Starting with the line that holds "Générique Boîte à" and stopping after the line that holds "Tracie arbeitet größtenteils", repeat the lines below word for word, without the pictures.

**DATA FOR THIS EXERCISE**
╔══

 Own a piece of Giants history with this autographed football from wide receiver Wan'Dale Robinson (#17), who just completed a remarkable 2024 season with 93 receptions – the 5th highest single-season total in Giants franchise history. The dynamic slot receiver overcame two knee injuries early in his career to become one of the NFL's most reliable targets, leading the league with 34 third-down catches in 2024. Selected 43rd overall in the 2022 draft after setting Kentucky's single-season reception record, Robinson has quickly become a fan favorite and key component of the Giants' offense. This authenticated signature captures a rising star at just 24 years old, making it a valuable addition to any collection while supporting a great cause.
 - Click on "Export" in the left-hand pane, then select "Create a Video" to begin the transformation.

╚══
╔══

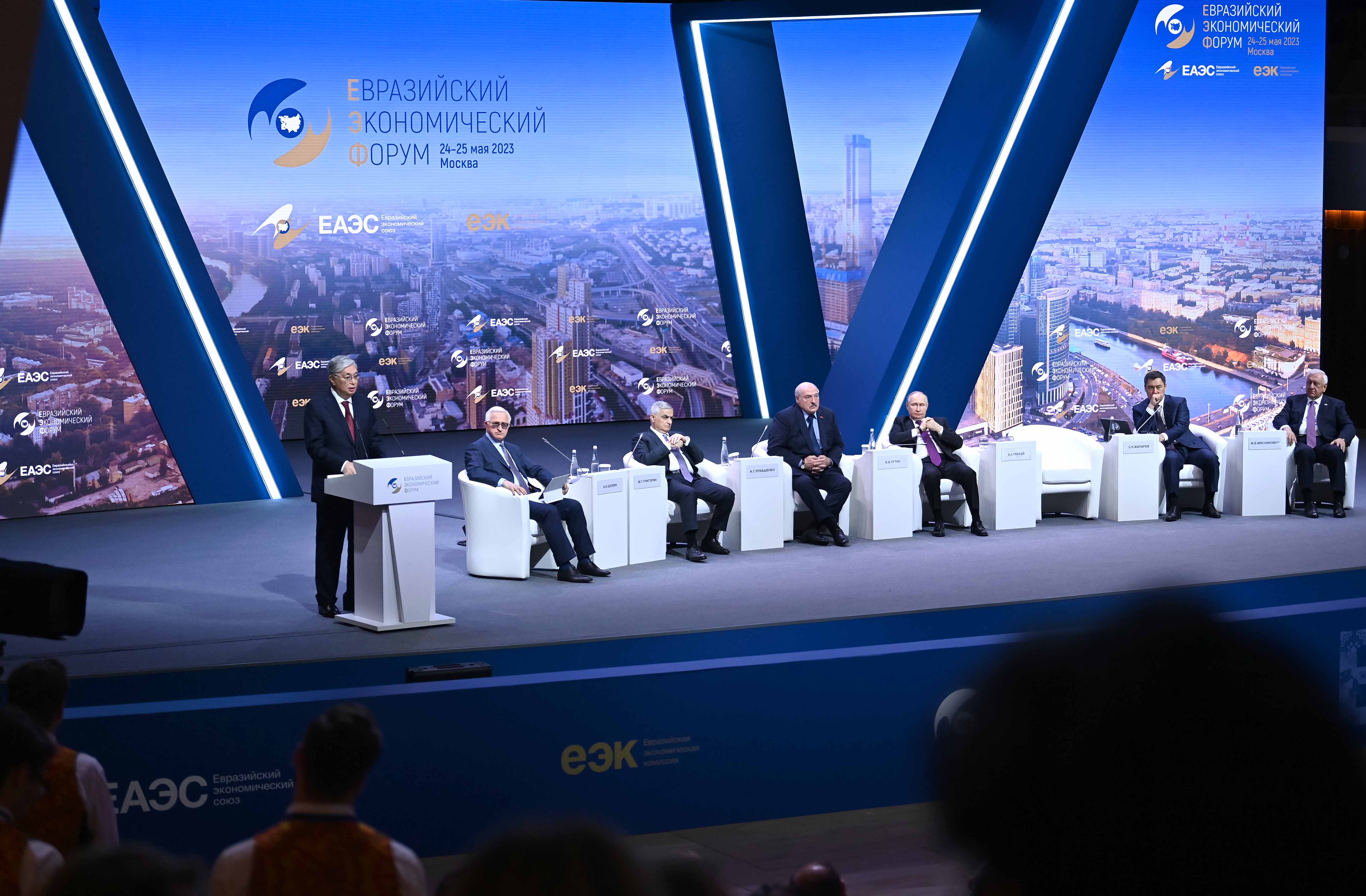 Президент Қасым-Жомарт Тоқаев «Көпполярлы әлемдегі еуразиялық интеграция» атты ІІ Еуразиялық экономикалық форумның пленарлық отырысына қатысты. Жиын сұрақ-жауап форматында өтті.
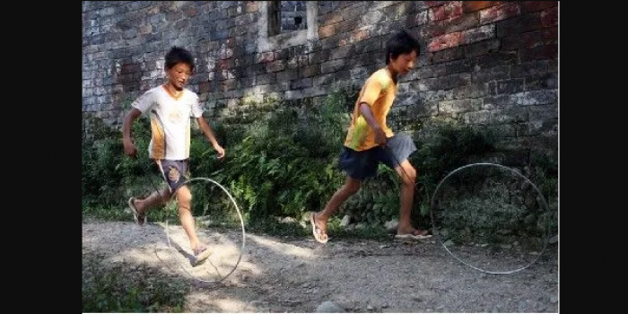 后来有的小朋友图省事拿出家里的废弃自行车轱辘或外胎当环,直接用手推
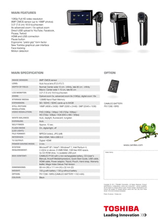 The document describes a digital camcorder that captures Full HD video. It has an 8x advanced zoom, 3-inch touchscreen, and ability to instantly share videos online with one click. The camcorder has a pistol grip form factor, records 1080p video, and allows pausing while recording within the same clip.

╚══
╔══

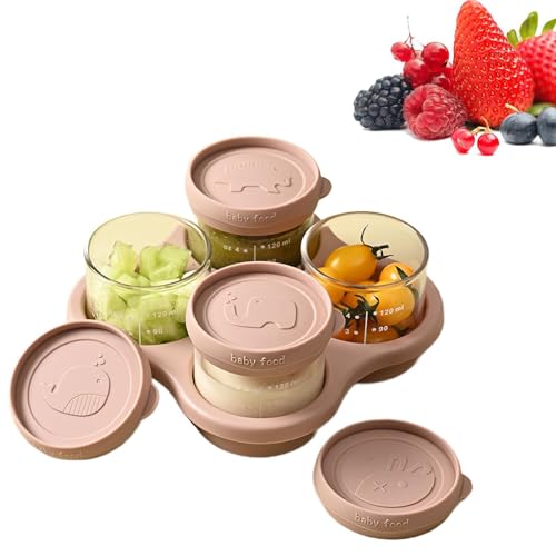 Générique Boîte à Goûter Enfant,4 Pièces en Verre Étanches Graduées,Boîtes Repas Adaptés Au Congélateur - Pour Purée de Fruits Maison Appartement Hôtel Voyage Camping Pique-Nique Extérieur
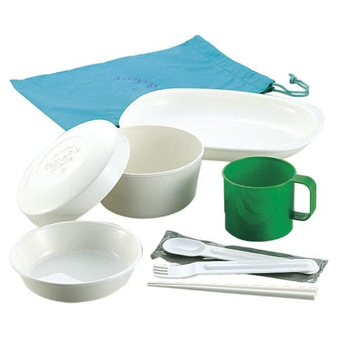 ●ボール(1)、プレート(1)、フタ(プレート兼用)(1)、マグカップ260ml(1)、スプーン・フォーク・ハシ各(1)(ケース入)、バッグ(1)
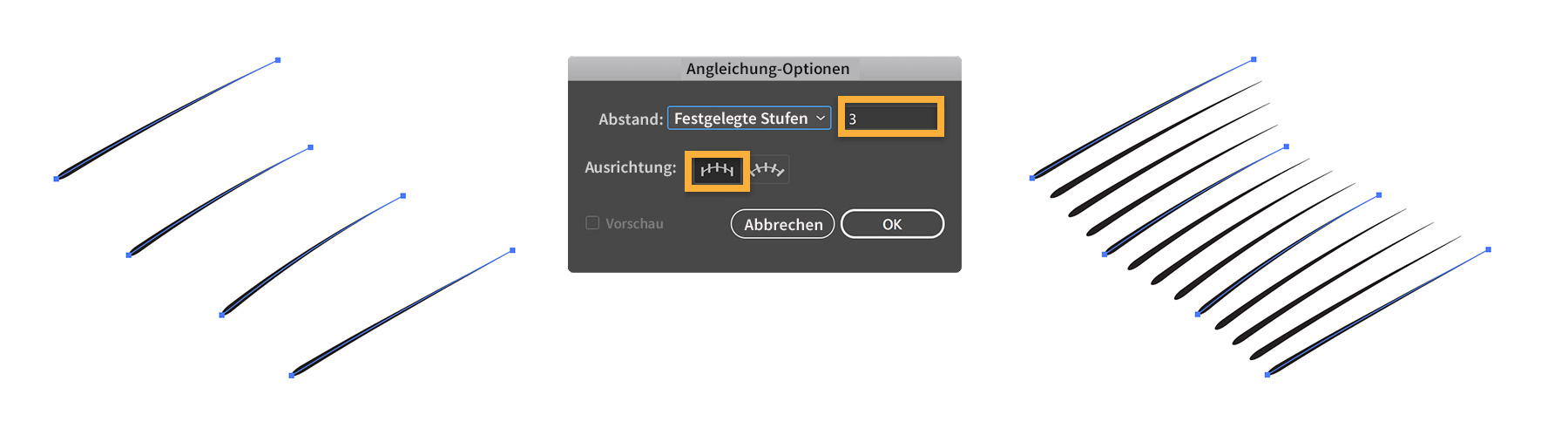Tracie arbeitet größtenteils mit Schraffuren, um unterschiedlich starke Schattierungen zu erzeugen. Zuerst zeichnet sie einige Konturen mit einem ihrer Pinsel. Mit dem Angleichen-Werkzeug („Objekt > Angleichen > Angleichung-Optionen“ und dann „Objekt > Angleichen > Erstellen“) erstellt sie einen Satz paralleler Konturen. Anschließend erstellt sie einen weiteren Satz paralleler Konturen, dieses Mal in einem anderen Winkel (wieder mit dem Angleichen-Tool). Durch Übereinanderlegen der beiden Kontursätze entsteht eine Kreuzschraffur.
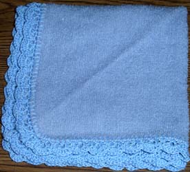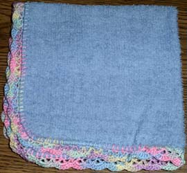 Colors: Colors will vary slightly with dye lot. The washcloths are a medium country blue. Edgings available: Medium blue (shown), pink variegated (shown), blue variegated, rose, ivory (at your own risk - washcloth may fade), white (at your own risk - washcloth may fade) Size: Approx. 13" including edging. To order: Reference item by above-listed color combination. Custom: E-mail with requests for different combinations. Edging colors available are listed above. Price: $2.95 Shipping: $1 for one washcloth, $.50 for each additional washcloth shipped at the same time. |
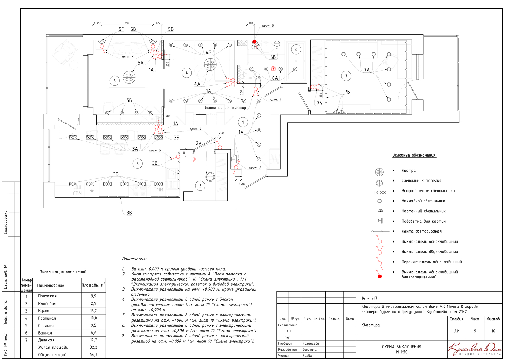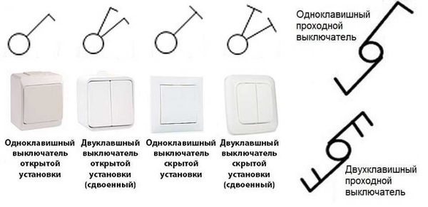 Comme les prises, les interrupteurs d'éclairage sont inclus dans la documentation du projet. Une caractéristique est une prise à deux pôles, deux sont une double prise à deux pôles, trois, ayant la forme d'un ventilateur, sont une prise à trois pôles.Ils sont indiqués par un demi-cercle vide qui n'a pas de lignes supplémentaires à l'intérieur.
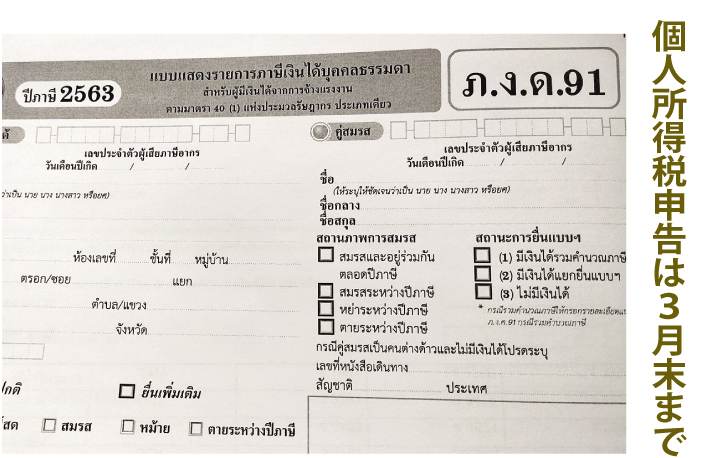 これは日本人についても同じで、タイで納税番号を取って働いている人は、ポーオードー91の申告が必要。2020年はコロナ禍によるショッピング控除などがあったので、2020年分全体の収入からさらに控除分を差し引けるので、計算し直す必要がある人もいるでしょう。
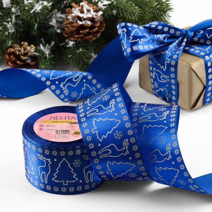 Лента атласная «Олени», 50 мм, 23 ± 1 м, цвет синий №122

╚══

**EXERCISE RESPONSE**
 Générique Boîte à Goûter Enfant,4 Pièces en Verre Étanches Graduées,Boîtes Repas Adaptés Au Congélateur - Pour Purée de Fruits Maison Appartement Hôtel Voyage Camping Pique-Nique Extérieur
 ●ボール(1)、プレート(1)、フタ(プレート兼用)(1)、マグカップ260ml(1)、スプーン・フォーク・ハシ各(1)(ケース入)、バッグ(1)
Tracie arbeitet größtenteils mit Schraffuren, um unterschiedlich starke Schattierungen zu erzeugen. Zuerst zeichnet sie einige Konturen mit einem ihrer Pinsel. Mit dem Angleichen-Werkzeug („Objekt > Angleichen > Angleichung-Optionen“ und dann „Objekt > Angleichen > Erstellen“) erstellt sie einen Satz paralleler Konturen. Anschließend erstellt sie einen weiteren Satz paralleler Konturen, dieses Mal in einem anderen Winkel (wieder mit dem Angleichen-Tool). Durch Übereinanderlegen der beiden Kontursätze entsteht eine Kreuzschraffur.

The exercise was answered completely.